When OADP Is Not Enough: Why Enterprises Turn to Trilio

Amazon Elastic Kubernetes Service simplifies cluster operations through AWS’s managed control plane, but disaster recovery planning remains the operator’s responsibility. AWS Backup for EKS provides managed EBS snapshot scheduling, but application-aware recovery isn’t covered out of the box. Advanced scenarios, like Kubernetes resources, coordinating distributed stateful workloads, and orchestrating cross-region failover, require additional tooling.

Most organizations layer Velero or commercial solutions on top of AWS Backup for comprehensive DR capabilities. For some workloads, Velero’s community-supported functionality combined with manual procedures suffices.
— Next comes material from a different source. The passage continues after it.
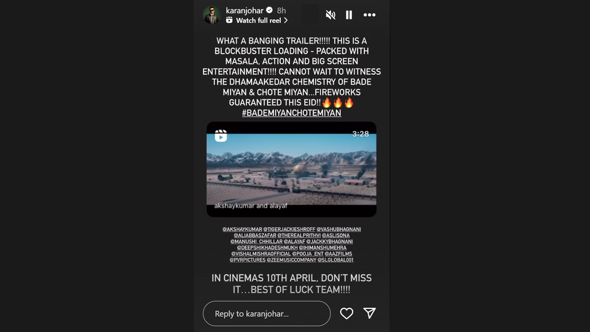 On Wednesday, KJo took to the Stories section of his Instagram and shared the film's trailer. Heaping praise on the film’s team, he wrote: “What a banging trailer! This is a blockbuster loading—packed with masala, action, and big screen entertainment! I can't wait to witness the dhamaakedaar chemistry of Bade Miyan and Chote Miyan. Fireworks guaranteed this Eid #BadeMiyanChoteMiyan.”

For others, cross-region IAM complexity, strict RTO requirements under one hour, or the need for guaranteed incident support adopting enterprise solutions with AWS Marketplace integration.

This article examines five best practices for building resilient EKS environments, starting with baseline protection and progressing through cross-region failover, application consistency, testing rigor, and solution selection aligned with operational maturity.

Summary of key EKS disaster recovery best practices

Best practiceDescription
Establish baseline DR protectionDeploy Velero with AWS plugin for EBS snapshot management, configure IAM roles for cross-account access, and validate basic restore operations within regions. Native AWS Backup for EKS handles infrastructure snapshots effectively but lacks application awareness, Kubernetes resource coordination, and orchestration for cross-region restores.
Address cross-region failover complexityVelero enables backup replication to S3 buckets in alternate AWS regions but requires manual resource modification during restore. Organizations must choose between documented manual procedures (acceptable for infrequent DR) or automated restore transforms (necessary for regular testing and strict RTO requirements under an hour).
Orchestrate application-consistent backupsVelero hooks provide per-pod consistency commands, but production environments require coordinated execution across distributed applications. Implement dependency-aware backup workflows that ensure that databases complete quiescing before dependent services snapshot EBS volumes and capture Kubernetes resources.
Test DR procedures regularly and measure RTOSchedule quarterly DR tests using isolated VPCs and separate AWS accounts to validate backup integrity and measure actual recovery times. Test results often reveal gaps between theoretical RTO estimates and real-world restore duration, including EKS cluster provisioning, VPC peering setup, IAM policy updates, and S3 data transfer delays.
Choose solutions aligned with operational maturityMatch DR tooling to team expertise, on-call capabilities, and acceptable risk during production incidents. Community-supported Velero and vendor support with AWS Marketplace integration represent different risk/cost tradeoffs that organizations should evaluate based on the business impact of extended outages.

Automated Kubernetes Data Protection & Intelligent Recovery

Perform secure application-centric backups of containers, VMs, helm & operators

Use pre-staged snapshots to instantly test, transform, and restore during recovery

Scale with fully automated policy-driven backup-and-restore workflows

Establish baseline DR protection with AWS-native and Kubernetes tools

AWS provides two primary approaches for EKS backup: AWS Backup for EKS and Velero with the AWS plugin. AWS Backup operates at the infrastructure layer, scheduling EBS snapshot creation through native AWS APIs. The service integrates with AWS Organizations for centralized policy management and provides backup vaults with encryption at rest. However, this infrastructure-focused approach stores Kubernetes resources in a proprietary format, limiting flexibility during restore operations. Granular restoration of individual namespaces, cross-cluster transformations like StorageClass modifications, and selective resource recovery become operationally complex compared to solutions designed specifically for Kubernetes-native workflows.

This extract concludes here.